To express various plasmids ectopically or to modify the endogenous locus, freshly egressed Toxoplasma tachyzoites (RHΔhxΔku80, RHΔhx, or ME49 as described in the text) were electroporated with 75 μg of linearized DNA. A pmini-Ku80 plasmid (Chunlin Yang and Gustavo Arrizabalaga, unpublished) was simultaneously transfected with each ectopic overexpression construct into the HATgRlmN parasite line (RHΔhxΔku80 background) to facilitate genomic integration using non-homologous end joining. Following transfection, parasites were split evenly between multiple flasks containing confluent HFF monolayers to isolate independent clones. Drugs used for selection were added 24 hours post-transfection and parasites were maintained under selection for a minimum of three passages prior to isolation of individual clones. To select for parasites containing overexpression plasmids (HXGPRT gene), 25 μg/mL of mycophenolic acid (MPA) and 50 μg/mL of xanthine (XAN) was used for selection [52]. For the allelic replacement plasmids containing the DHFR-TS gene, 1 μM pyrimethamine selection was used [50]. Limiting dilution was used to isolate individual clones from populations of transfected parasites.

Western blot analysis

Parasites from a freshly lysed T-25 cm2 flask (~3 x 107 parasites) were pelleted and washed once in ice-cold phosphate buffered saline (PBS) followed by lysis in RIPA buffer supplemented with cOmpleteTM, Mini, EDTA-free protease inhibitor (Roche #11836170001) and sonicated three times on ice for 10 seconds with a microtip sonicator. Insoluble material was removed by centrifugation at 21,000 x g for 10 min at 4°C and cleared lysate was quantified using a detergent compatible (DCTM) protein assay kit (Bio-Rad #5000111). For each sample, equal amounts of protein were mixed with Laemmli sample buffer supplemented with 5% beta-mercaptoethanol and heated at 95°C for 10 min. Samples were centrifuged at 21,000 x g for 3 min and subjected to SDS-PAGE with precast 4 to 20% Mini-PROTEAN TGX gels (Bio-Rad #4568094). The Transblot SD semidry transfer system was used to transfer proteins to a nitrocellulose membrane (Bio-Rad #1703940). Blots were subjected to Ponceau S staining to ensure relatively equal protein loading and transfer. Membranes were then washed with Tris buffered saline-Tween 20 (TBST) and blocked with 5% milk-TBST for 30 min. Membranes were incubated with primary antibodies at 4°C overnight. Membranes were washed 3 x 10 min in TBST followed by incubation with secondary HRP-linked antibodies for 1 hour at room temperature. Membranes were washed for 3 x 10 min and proteins were detected with SuperSignalTM West Femto Maximum Sensitivity Substrate (Thermo Fisher #34094) and imaged on a FluorChem R imager (Bio-Techne).

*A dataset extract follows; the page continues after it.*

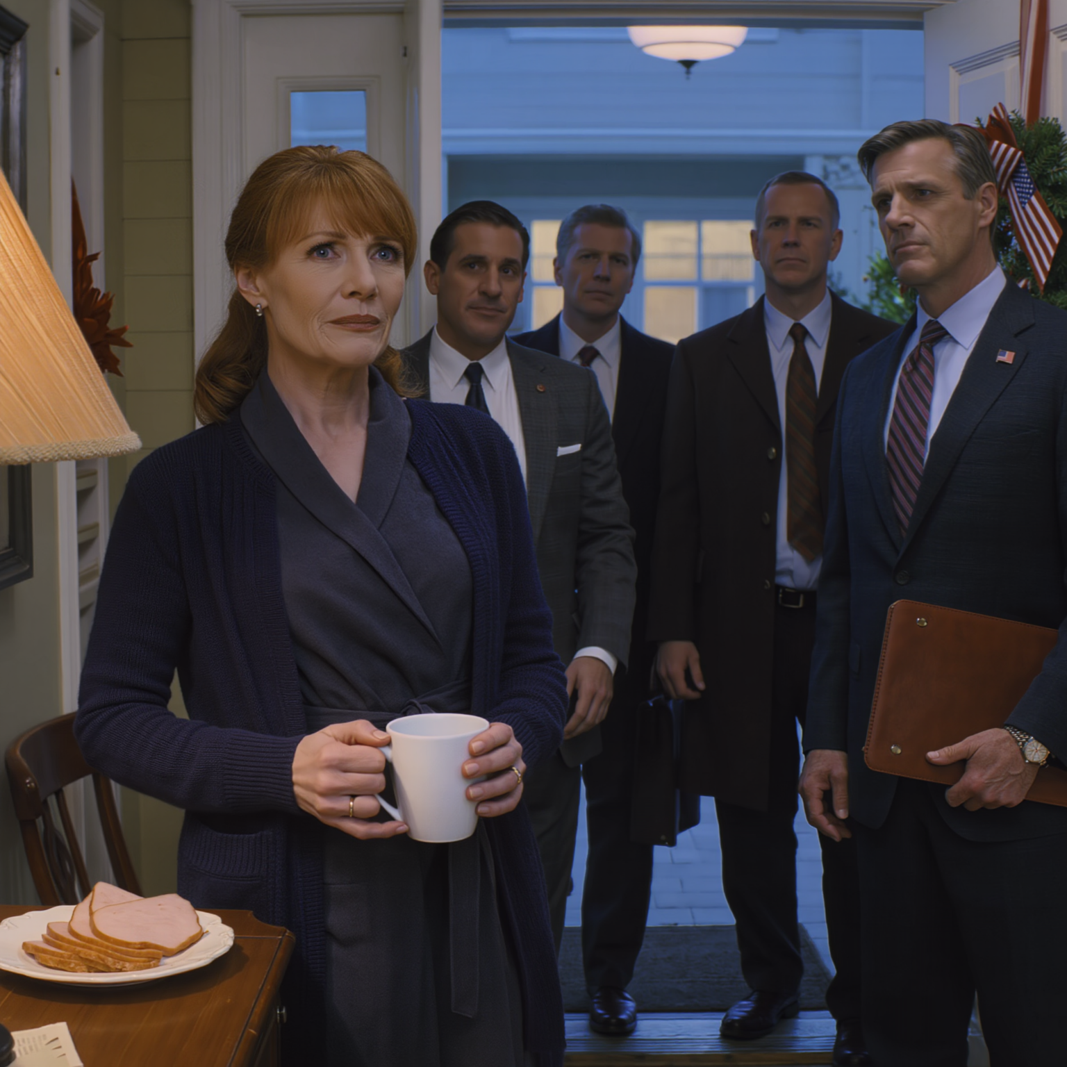 Ponownie spojrzałem na zegarek – 11:02 – i podszedłem do wejścia z ostrożnym przerażeniem, które zawsze ogarnia mnie, gdy w domu panuje cisza od dłuższego czasu. Przez wizjer zobaczyłem trzech mężczyzn w ciemnych garniturach stojących na ganku w ciepłym, żółtym blasku lampy.

The following primary antibodies were used at the dilutions indicated: rat anti-HA (1:2,000, Roche #11867423001), rabbit anti-TgELP3 (1:2,000) [14], mouse anti-SAG1 (1:2000, Genway #MA1-83499), mouse anti-TgF1B ATPase (1:4,000) [15,16], and mouse anti-puromycin clone 12D10 (1:2,000, Sigma Aldrich #MABE343). Secondary HRP-linked antibodies for Western blot analysis included donkey anti-rabbit (1:2,000, GE Healthcare #NA934), sheep anti-mouse (1:5,000, GE Healthcare #NA931) and goat-anti rat (1:2,000, GE Healthcare #NA935).

Immunofluorescence assays

Freshly lysed parasites were inoculated onto confluent HFF monolayers grown on coverslips in a 24-well plate. Plates were fixed with 4% paraformaldehyde in PBS and blocked for 30 min in 3% bovine serum albumin (BSA) in PBS. Cells were permeabilized with 0.2% Triton X-100 in BSA-PBS for 10 min. All antibodies were diluted in 3% BSA-PBS and were applied in sequential order. Cells were incubated with rat anti-HA (1:2,000, Roche #11867423001) for 1 hour at room temperature followed by 3 x 10 min PBS washes and 1 hour incubation with anti-rat Alexa Fluor 488 (1:5,000, Thermo Fisher #A-11006) at room temperature. Cells were washed 3 x 10 min with PBS followed by overnight incubation with mouse anti-TgF1B ATPase (1:4,000) [15,16] at 4°C. Cells were washed 3 x 10 min followed by 1 hour incubation with anti-mouse Alexa Fluor 594 (1:5,000, Thermo Fisher A-11005) at room temperature. Coverslips were washed 3 x 10 min with PBS. The nucleic acid stain 4’, 6-diamidino-2-phenylindole dihydrochloride (DAPI, Life Technologies #D1306) diluted 1:1,000 in PBS was applied for 10 min at room temperature and then washed 3 x 10 min at room temperature. Coverslips were mounted using Vectashield antifade mounting medium (Vector Labs #H-1000).

Parasite growth assays

Plaque assays were used to assess parasite growth [53,54]). Intracellular parasites were harvested from the host cell monolayer by scraping, syringe lysing (25-guage needle) and filtering through a 3.0 μm polycarbonate filter. Parasites were counted using a hemocytometer and 500 parasites were inoculated into a single well of a 12-well plate containing confluent HFFs. For each assay, an individual parasite line was plated in triplicate. Four hours after inoculation, uninvaded parasites were removed and fresh medium was replaced. The cultures were incubated undisturbed for 6 days and then fixed with 100% ice-cold methanol. To visualize plaques, plates were stained with crystal violet (Sigma-Aldrich #C38886). Pictures of individual plaques were taken at random using a Leica inverted DM16000B microscope (40x dry objective). The mean area of 30 plaques was measured using ImageJ for each of three independent experiments. The plaque area was analyzed using two-way analysis of variance (ANOVA) using GraphPad Prism version 7.03 for Windows, GraphPad Software, La Jolla California USA, http://www.graphpad.com.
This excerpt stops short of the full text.